I now turn my attention to a former rural area just to the north of Johannesburg, whose biography has become increasingly relevant in the changing political economy of the new South Africa (Carruthers 1993:8).For it is here, in former suburban nodes, that Johannesburg is being re-centred and its socio-political economy re-articulated. As the former centre has been abandoned through dis-investment, the former periphery has attracted that investment, its peripheralness seeming to offer a buffer against the messiness of the creeping urban decay associated with de-racialisation. This has meant that the city has been turned inside out, centre and periphery are reversed, centre and margin everywhere.

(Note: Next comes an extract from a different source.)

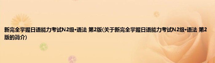 本文关于新完全掌握日语能力考试N2级·语法 第2版的简介就讲解完毕,希望对大家有所帮助。

Sandton (City of Sand) was inhabited by hunter gatherers as far back as 30 000 years ago. In modern times, it came into existence at the turn of the 20th Century as a site of country estates and recreational activity for wealthy Johannesburgers. Leisurely pursuits like Sunday picnics, afternoon teas, duck shooting, fishing, hunting or gentlemen’s farming transformed it into the playground of the monied classes. In keeping with this, a ‘Lido’ was planned for the area in 1936. While its restaurant, lake, beach, paddling pool and sporting facilities never left the drawing board, another scheme did - Sandton became the site of South Africa’s first Grand Prix when its circuit was opened at Kelvin in 1937 (Carruthers 1993). The particular mapping of wealth, pleasure, consumption and the images of country life and the romance of Italy which have subsequently been woven through the Sandton landscape were beginning to emerge.

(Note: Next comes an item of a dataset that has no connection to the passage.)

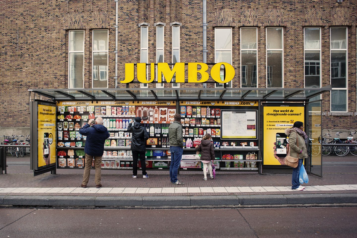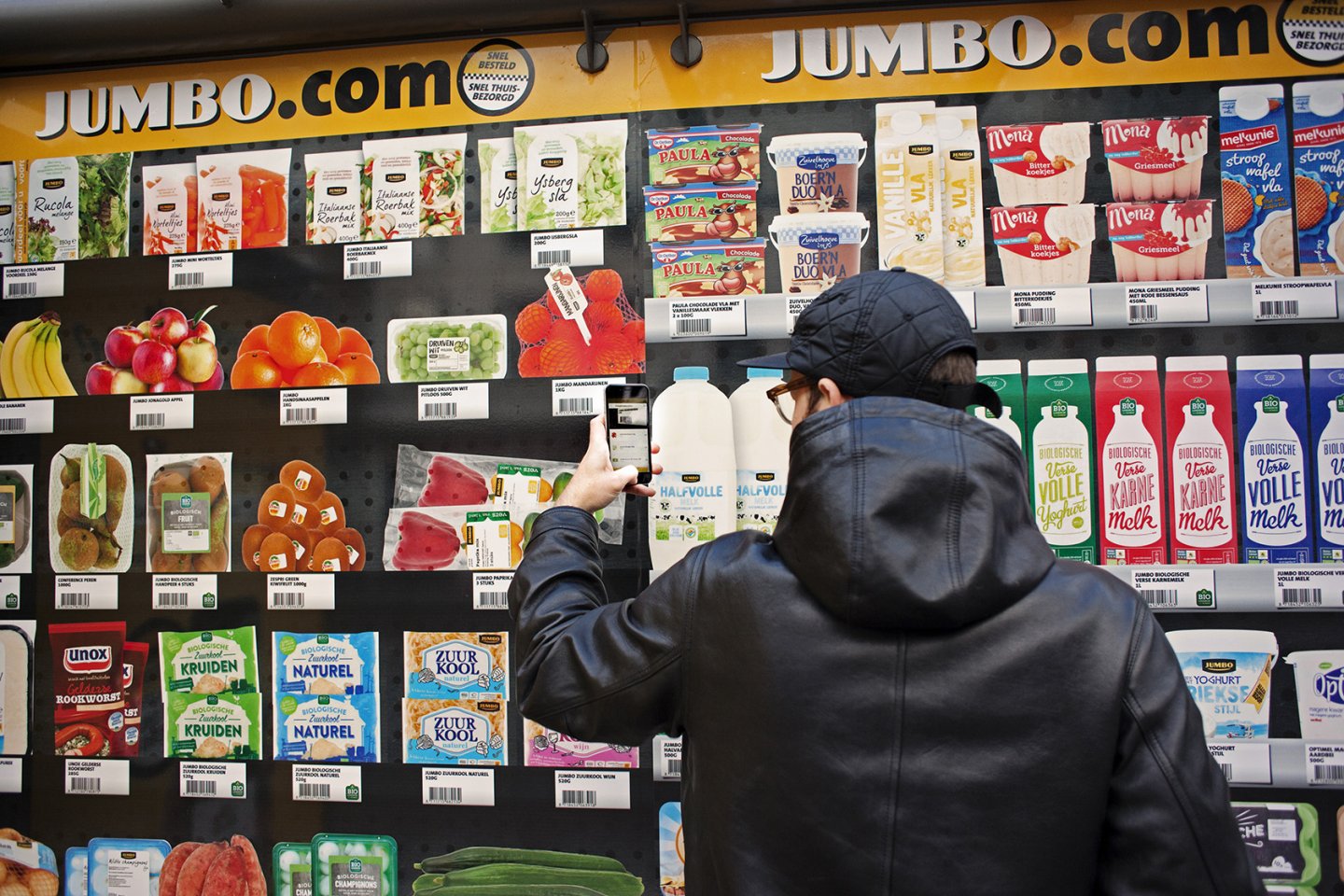 Tijdens het wachten op de bus alvast boodschappen doen: met de vernieuwde app van Jumbo is het mogelijk producten te scannen en te bestellen. Dit concept wordt nu onder andere uitgedragen met een pop-up supermarkt in een Abri van JCDecaux.

Sandton was proclaimed a city in 1969. It promoted itself as offering a "relaxed open air lifestyle" to middle class citizens (Carruthers 1993:66). Associated with wealth and leisure, this lifestyle attracted property developers in unprecedented numbers to its large open spaces. In 1975, plans of R16,5 million were approved by the planning department; in 1993, not 20 years later, this had increased to R650 million in one year. Town houses and office parks displaced small holdings and large residential stands. By 1997, the Johannesburg city centre had lost 17 of the 65 top South African company headquarters to these northern developments or to other cities in the country. Most were clustered around the Sandton City Shopping Mall, built on a consolidation of suburban stands in 1973, and which inaugurated, in South Africa, a new kind of shopping and a new kind of city centre - the car dominated, enclosed suburban mall.

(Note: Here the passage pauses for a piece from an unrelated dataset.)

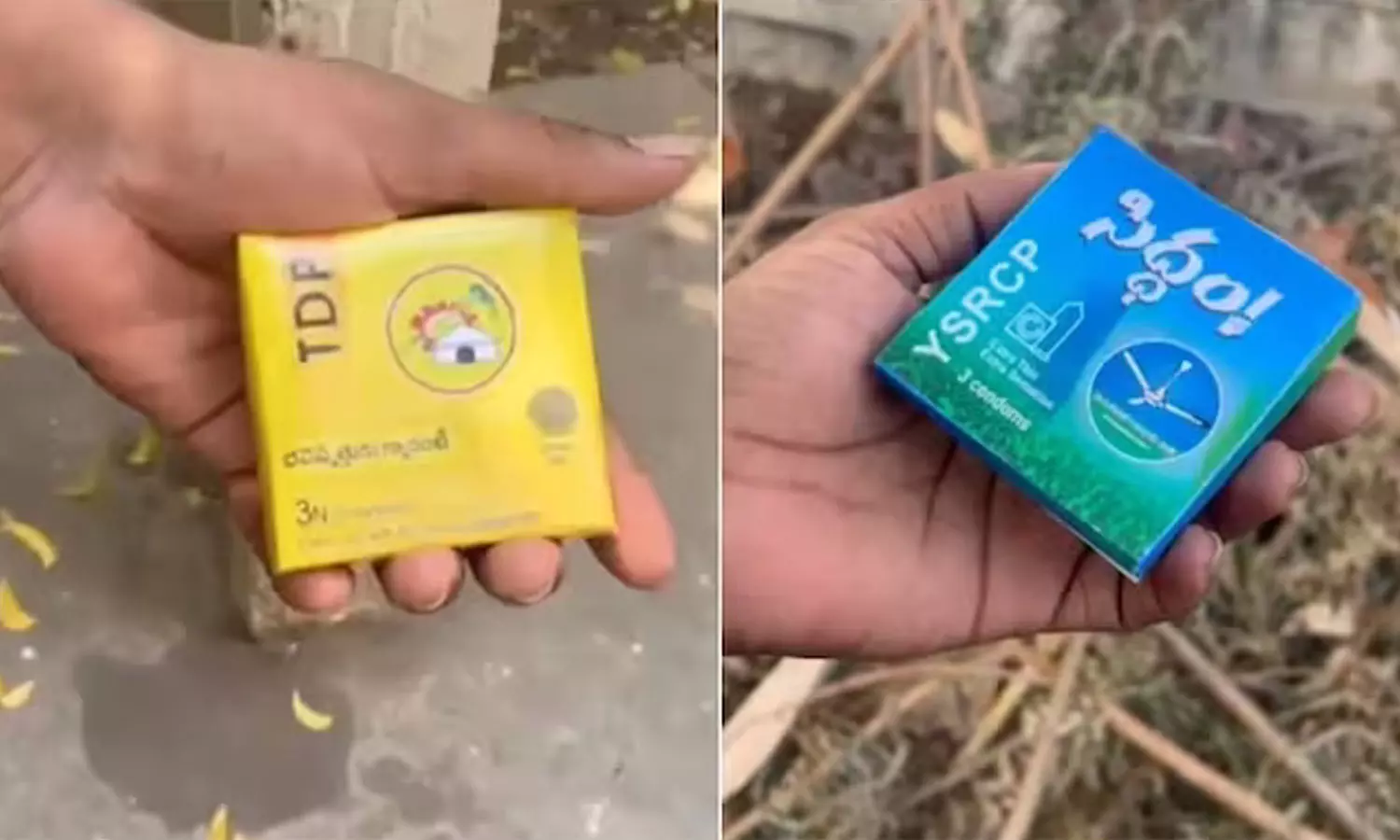 കഴിഞ്ഞദിവസമാണ് പാർട്ടി ചിഹ്നങ്ങൾ പ്രിന്റ് ചെയ്ത കോണ്ടം തെരഞ്ഞെടുപ്പ് പ്രചാരണത്തിന് ഉപയോഗിക്കുന്നതിന്റെ വീഡിയോ പുറത്തുവന്നത്. വൈ.എസ്.ആർ കോൺഗ്രസിന്റെയും പ്രമുഖ പ്രതിപക്ഷമായ തെലുങ്കുദേശം പാർട്ടിയുടെയും ചിഹ്നങ്ങൾ അടയാളപ്പെടുത്തിയ കോണ്ടം പാക്കുകളാണ് വോട്ടർമാർക്കിടയിൽ വിതരണം ചെയ്യുന്നത്.

In this transient, rapidly transforming, commodified space, fantasy, meaning, memory and desire converge around two prevailing themes - nostalgia for a lost suburbia and desire for authentic citiness.
Suburbia, that idealised interface between city and country, eradicated through aggressive development, re-surfaces in Sandton in the walled residential precincts to which its citizens retreat from the fast moving, car-dominated, hijacking craziness of the world they have created. Within the security of these walls, images of a domesticated nature (neatly clipped lawns, picture book waterways, golfing greens) and a corporatised community (communing around tennis, biking, walking, golf), offer continuity between what Sandton was and what it is becoming.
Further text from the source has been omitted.